[Kimchi-devel] [PATCH] Move kimchi nginx config file to nginx default directory.
Aline Manera
alinefm at linux.vnet.ibm.com
Tue Apr 28 14:20:08 UTC 2015
Reviewed-by: Aline Manera <alinefm at linux.vnet.ibm.com>
On 28/04/2015 10:50, Jose Ricardo Ziviani wrote:
> - Move Kimchi nginx config file to /etc/nginx/conf.d.
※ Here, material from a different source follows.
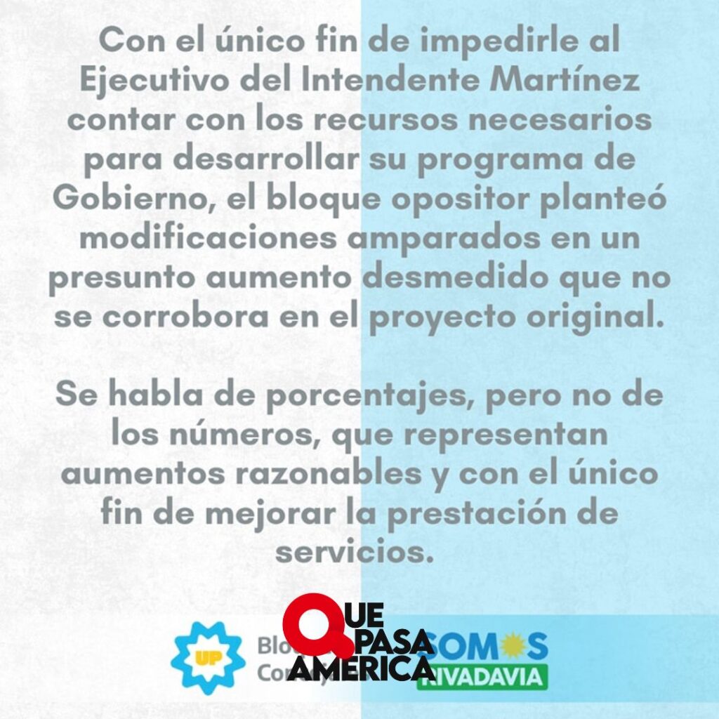 Desde el oficialismo acusan a la oposición de instalar el discurso falso de un supuesto «impuestazo». Por su parte Rivadavia Primero acepto aprobar la Fiscal e Impositiva solo con reformas que ellos consideraban fundamentales para el acuerdo.

> - Rename nginx_kimchi.conf to kimchi.conf.
> ---
> .gitignore | 2 +-
> configure.ac | 1 +
> contrib/kimchi.spec.fedora.in | 6 ++--
> contrib/kimchi.spec.suse.in | 7 ++--
> src/Makefile.am | 5 ++-
> src/kimchi/config.py.in | 2 ++
> src/kimchi/proxy.py | 12 +++----
> src/nginx.conf.in | 76 -------------------------------------------
> src/nginx/Makefile.am | 23 +++++++++++++
> src/nginx/kimchi.conf.in | 76 +++++++++++++++++++++++++++++++++++++++++++
> 10 files changed, 119 insertions(+), 91 deletions(-)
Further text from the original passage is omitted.